The ‘sleep-walker’ approaches the window as a human apparition and the singer stops to look out at her. She sings of her love and at the same time his reflection is seen in the window. They struggle for worldly communion but the forces that come between them are too overwhelming. Thus she falls when he is unable to hold her and lands back in her own bed and body. Meanwhile he is left to scream out to the sky: ‘There must be something more.’ The sky is bordered by the landscape of buildings and not the other way around. Attachment is risky. Love is hard to hold onto. Human intimacy is unstable, fleeting and fragile. It is vulnerable to dissolution at the best of times. The irony is that it is within the self that we will face that ‘nothingness’ and it is through this empty embrace that we will find an end to fear and the way to love. To love with attachment and yet without fear is to embrace love’s impermanence. It is wise to love so long as we are able to let go of love.
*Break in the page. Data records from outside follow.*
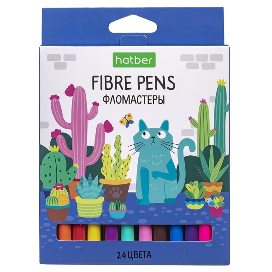 Фломастеры 24цв смываемые круглые конусовид. вент. колпачок к/к Кис-кис HATBER FP_077745
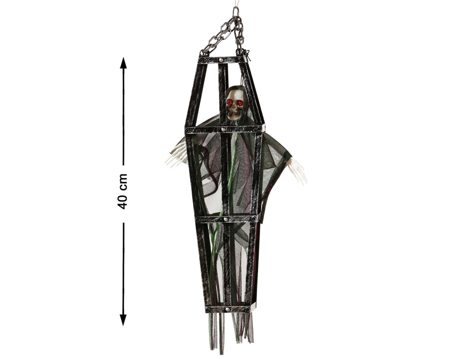 C79431 – Esqueleto Enjaulado Preto, para pendurar com as dimensões: altura 40cm e comprimento 13cm. Artigo de fabrico RPC. Artigo muito utilizado em decoração de festas, principalmente de halloween.
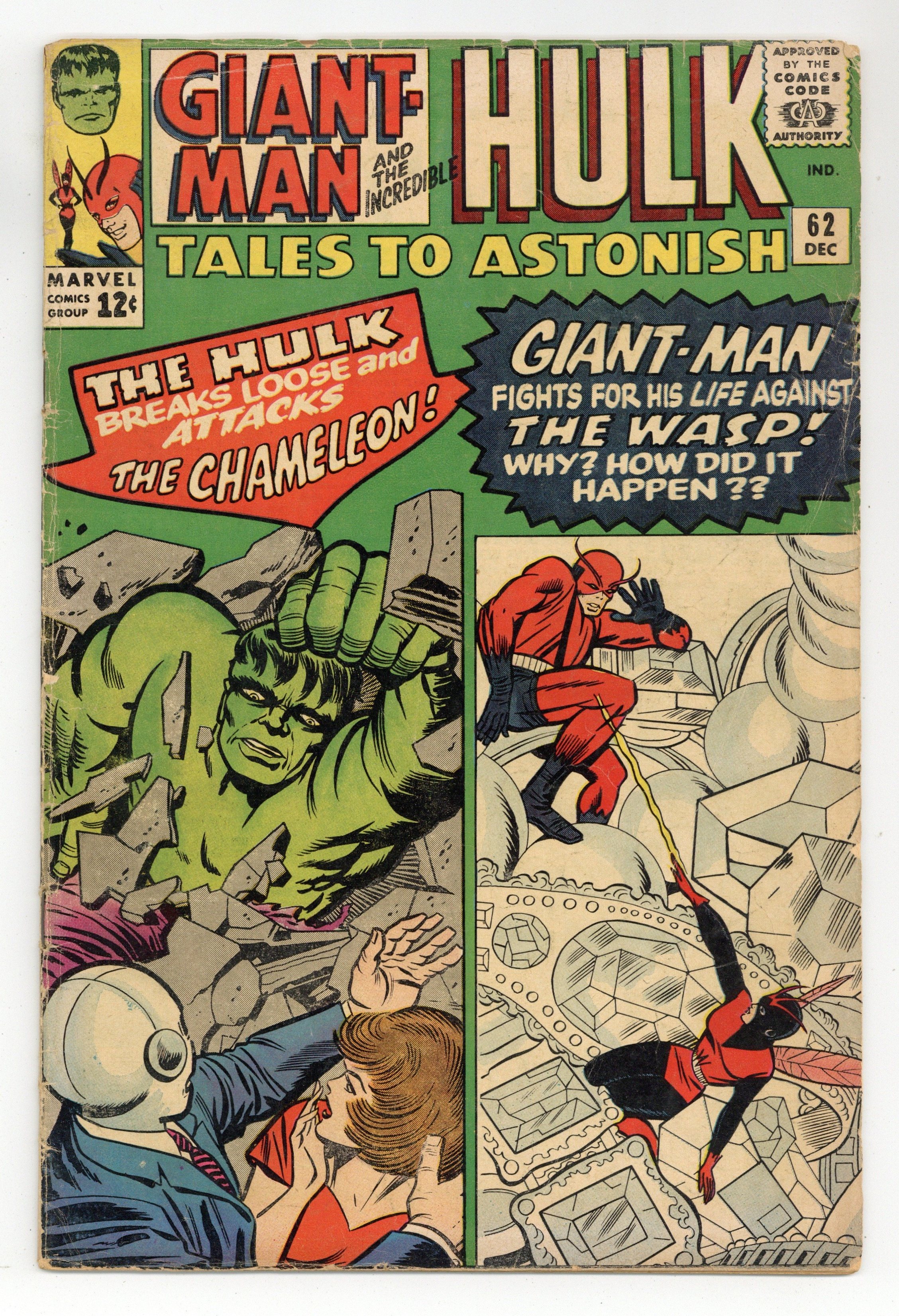 Starts Apr 20 Cover by Jack Kirby and Chic Stone. Giant-Man Versus the Wonderful Wasp!, script by Stan Lee, art by Carl Burgos and George Roussos; When Hank accidentally knocks himself out after a failed lab experiment, a petty thief makes off with his costume and begins to use the Giant-Man powers to commit crimes. Promo for Journey Into Mystery #110, Tales of Suspense #60, Strange Tales #127 and Sgt. Fury #12 reprinting their covers, art by Jack Kirby and Chic Stone. Enter...the Chameleon!, script by Stan Lee, art by Steve Ditko and George Roussos (as George Bell); The Hulk is captured in unbreakable restraints but slips through them when he turns back into Banner; Hearing that his buddy has been captured, Rick leaves Cap's side to go help his original super pal; The mysterious Leader sends the Chameleon to gamma base to find out what happened to an agent who didn't report back in. A Marvel-Masterwork Pin-Up of Hulk, art by Jack Kirby and George Roussos. 36 pgs., full color. $0.12. Cover price $0.12.
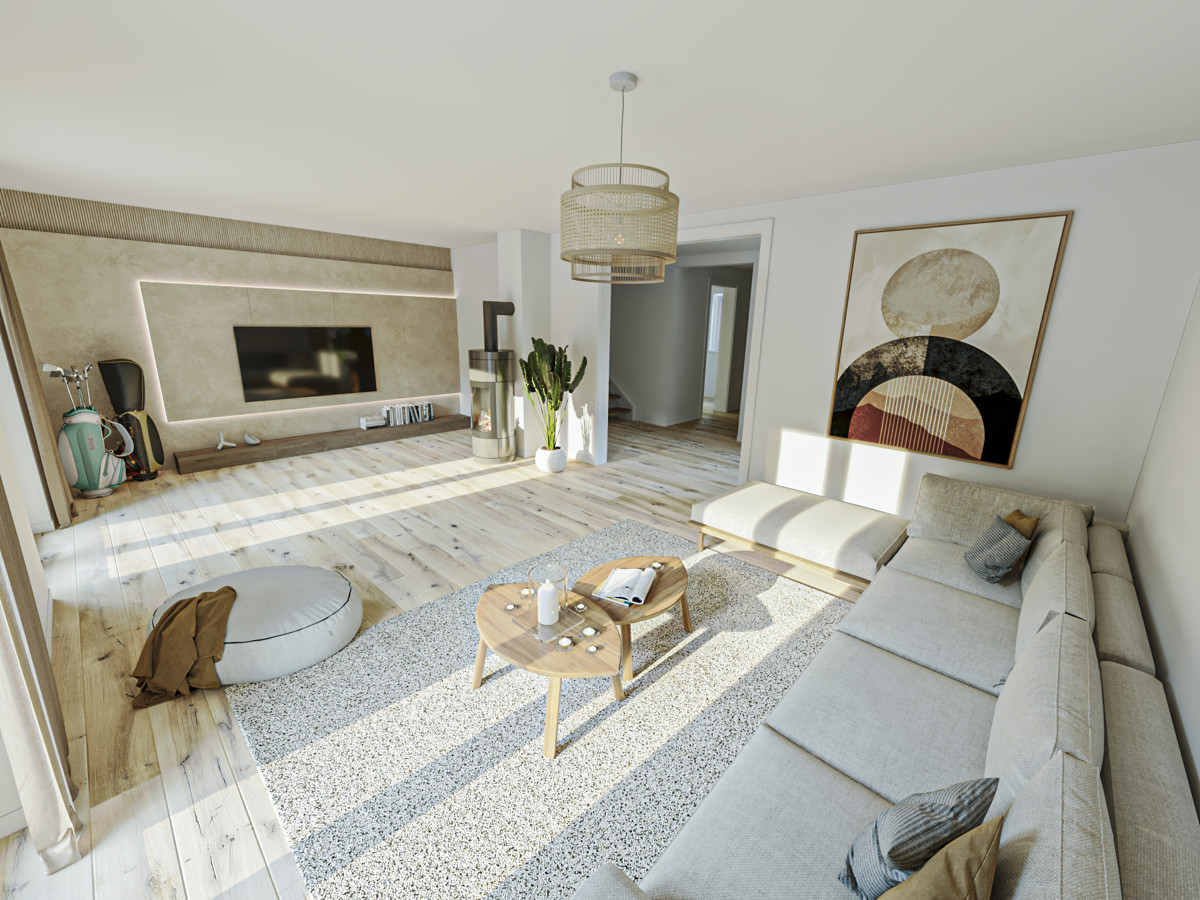 Der großzügige Wohn- und Essbereich bietet viel Platz für Möbel und Gestaltungsmöglichkeiten. Die Option, einen Kamin zu installieren, schafft zusätzlich Gemütlichkeit.
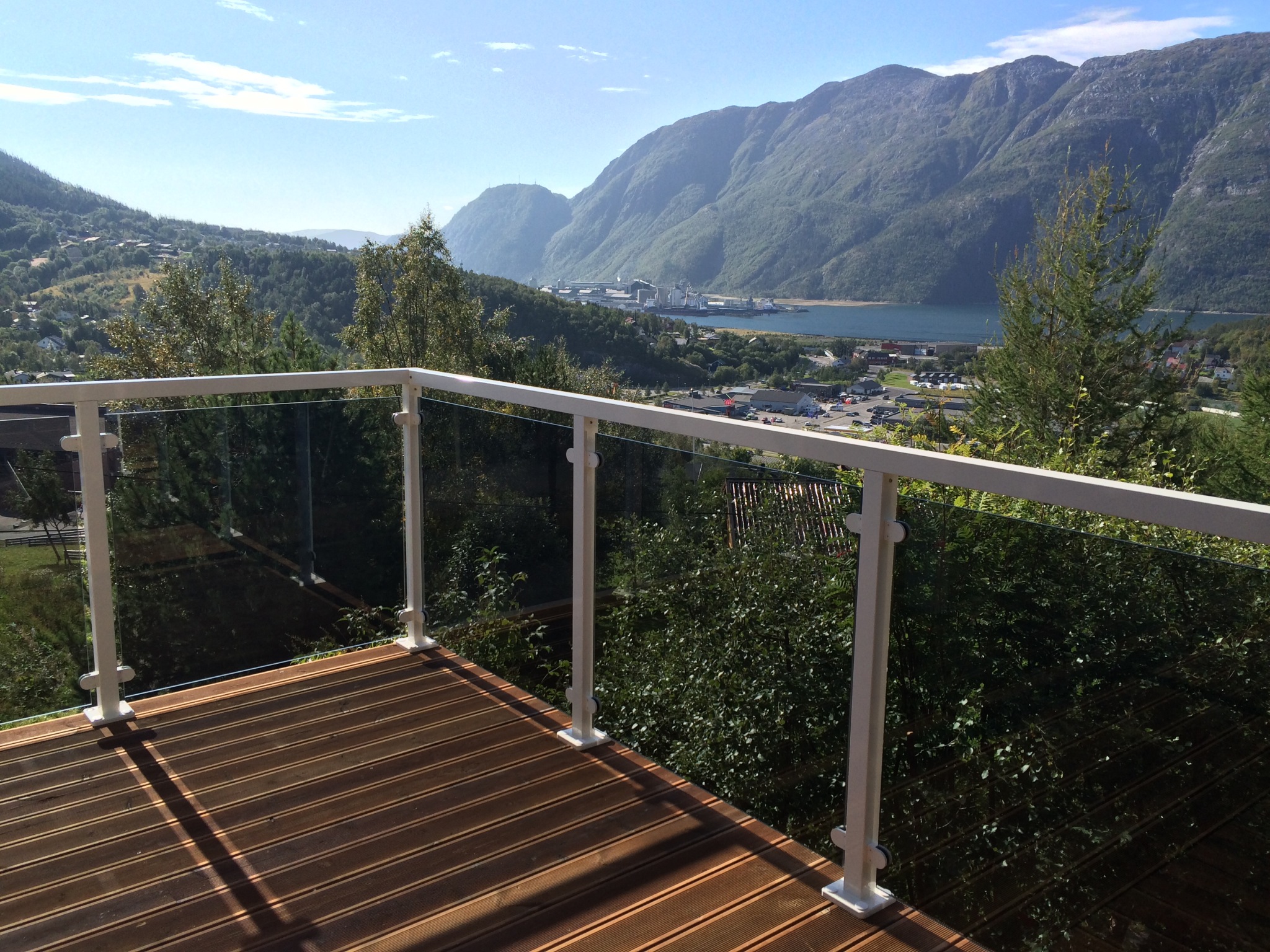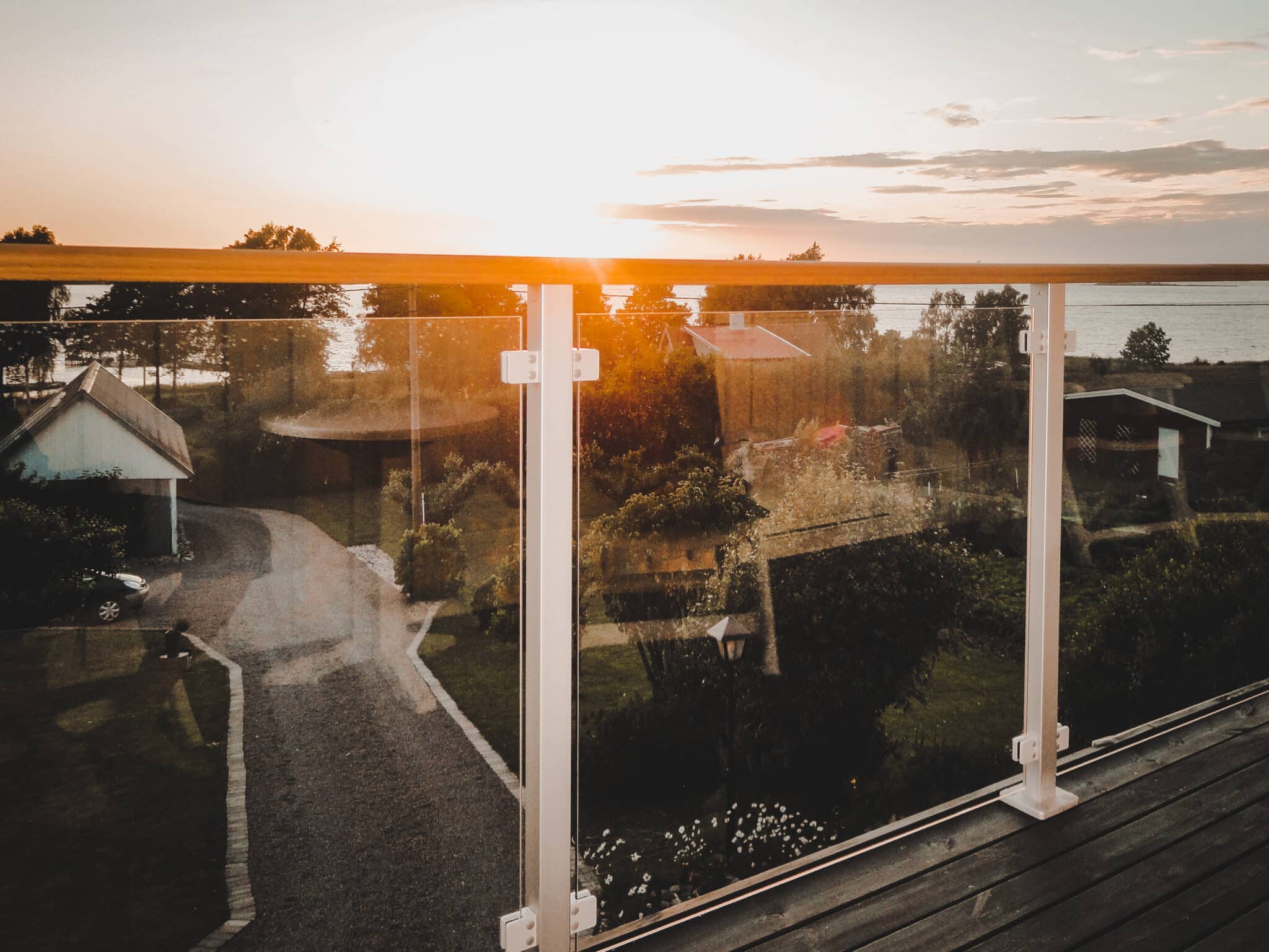 Rækværket fremstilles efter dine mål og leveres som en komplet byggesæt med alt, du har brug for. Glaspanelerne skaber et åbent udtryk og lader lyset strømme ind, mens konstruktionen i pulverlakeret aluminium er stærk og modstandsdygtig over for vind og vejr.
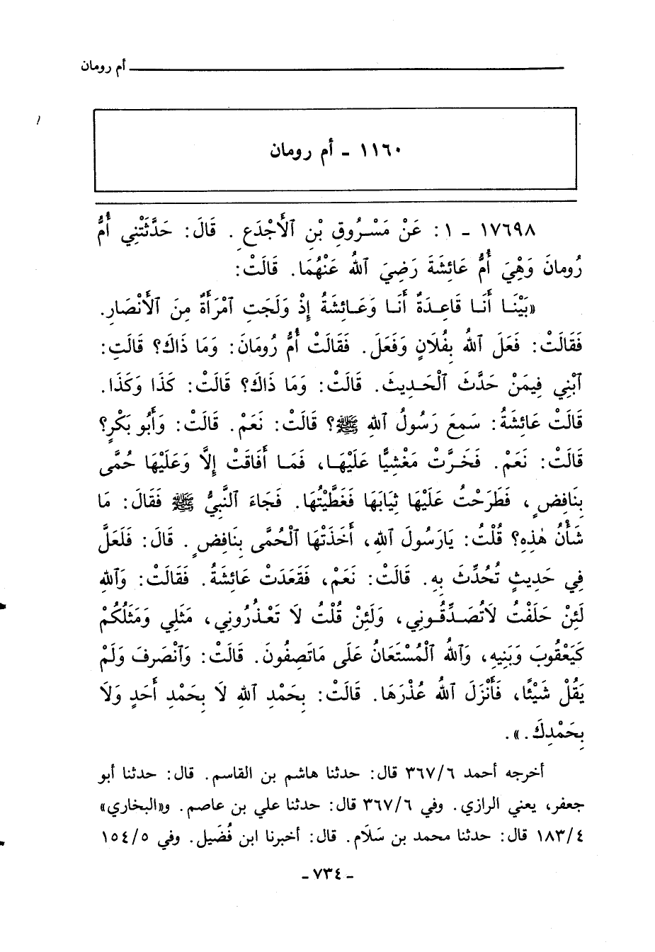 بَيْنَا انَا قَاعِدَةٌ انَا وَعَائِشَةُ إِذْ وَلَجَتِ امْرَاةٌ مِنَ الانْصَارِ. فَقَالَتْ: فَعَلَ اللَّهُ بِفُلانٍ وَفَعَلَ. فَقَالَتْ أم رُومَانَ: وَمَا ذَاكَ؟ قَالَتْ: ابْنِى فِيمَنْ حَدَّثَ الْحَدِيثَ. قَالَتْ: وَمَا ذَاكَ؟ قَالَتْ: كَذَا وَكَذَا. قَالَتْ عَائِشَةُ: سَمِعَ رَسُولُ اللهِِ صلى الله عليه وسلم؟ قَالَتْ: نَعَمْ. قَالَتْ: وَأبو بَكْرٍ؟ قَالَتْ: نَعَمْ. فَخَرَّتْ مَغْشِيًّا عَلَيْهَا، فَمَا افَاقَتْ إِلَاّ وَعَلَيْهَا حُمَّى بِنَافِضٍ، فَطَرَحْتُ عَلَيْهَا ثِيَابَهَا فَغَطَّيْتُهَا. فَجَاءَ النَّبِيَّ صلى الله عليه وسلم فَقَالَ: مَا شَاْنُ هَذِهِ؟ قُلْتُ: يَا رَسُولَ اللهِِ، اخَذَتْهُا الْحُمَّى بِنَافِضٍ، قال: فَلَعَلَّ فِى حَدِيثٍ تُحُدِّثَ بِهِ. قَالَتْ، نَعَمْ. فَقَعَدَتْ عَائِشَةُ. فَقَالَتْ: وَاللَّهِ لَئِنْ حَلَفْتُ لا تُصَدِّقُونِى، وَلَئِنْ قُلْتُ لا تَعْذِرُونِى، مَثَلِى وَمَثَلُكُمْ كَيَعْقُوبَ وَبَنِيهِ، وَاللَّهُ الْمُسْتَعَانُ عَلَى مَا تَصِفُونَ، قَالَتْ: وَانْصَرَفَ وَلَمْ يَقُلْ شَيْئًا، فَانْزَلَ اللَّهُ عُذْرَهَا. قَالَتْ: بِحَمْدِ اللهِ لا بِحَمْدِ احَدٍ وَلا بِحَمْدِكَ.
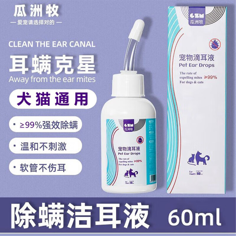 Guazhou Mu Ear Mite Ear Drops for Pet Cats Ear Mite Fungus Remover for Cats and Dogs Ear Cleansing Mite + Bacteria Ear Cleansing Solution 120ml + Cotton Swabs
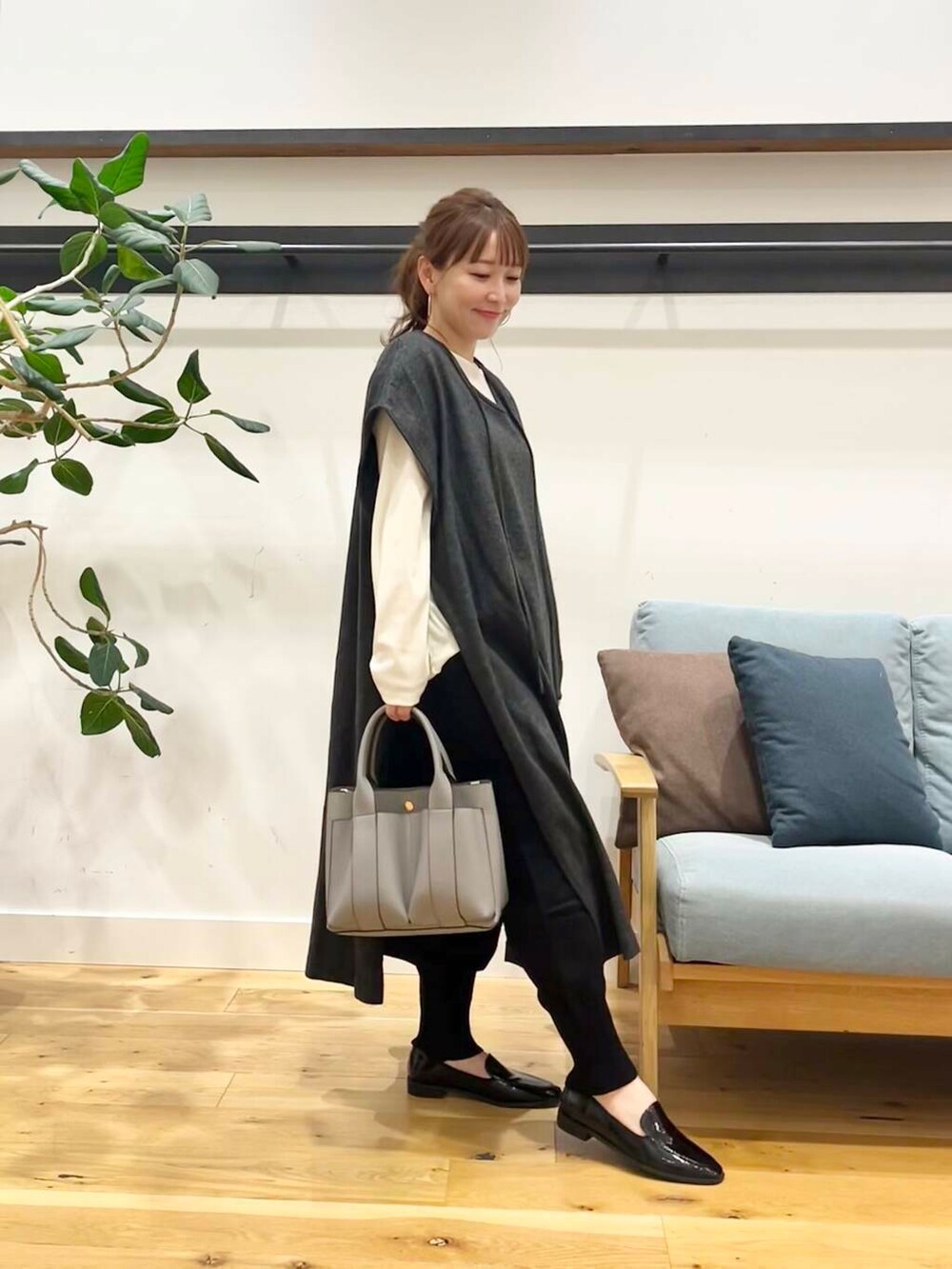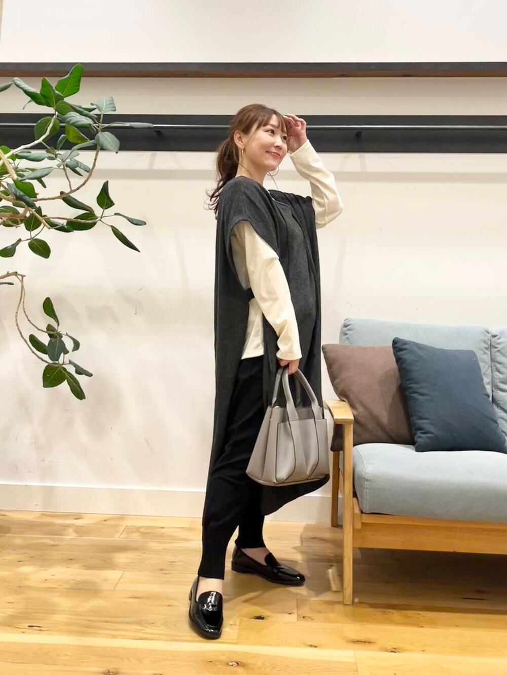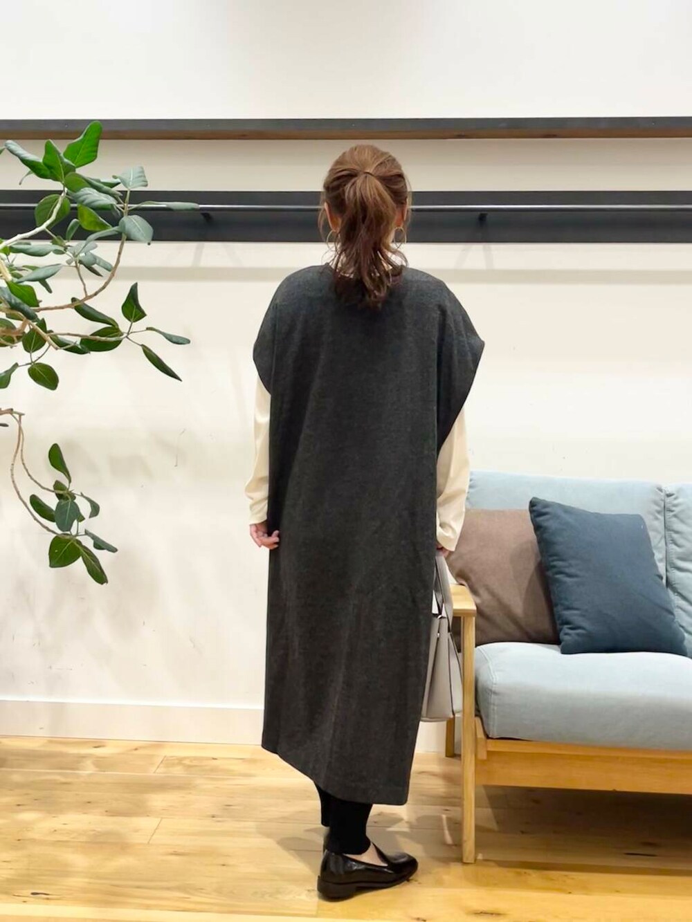 圧縮ウールがしっかり高級感もあり、長さもありますが小柄さんもパンツを重ねてもちゃんと見えて可愛くなる着丈です♪

Both love and art are doomed. Any notion of permanence is an illusion. Yet so long as the buildings remain impenetrable and the same, so long shall we remain permanently transfixed by the same. We will not transform art nor will art or love transform us. We will instead transform all that is not us, not into love or art, but into who we are. We will call this art and through its creation and preservation we will outlive death. Our choice may be to have the city grow into our expressions, hard, angular and resilient. In the same way that the character in Radio Heads’ new film clip ‘there there’ loses his shoe and turns into a tree in a magical forest once his bare foot touches the earth, so the human turns into a city. Beyond the safety net of structure is the abyss so that while a city dweller may remain within the city, they will venture to the universe within the self, that is the infinite or unknowable self.  This involves the creation of space, but not necessarily the creation of art.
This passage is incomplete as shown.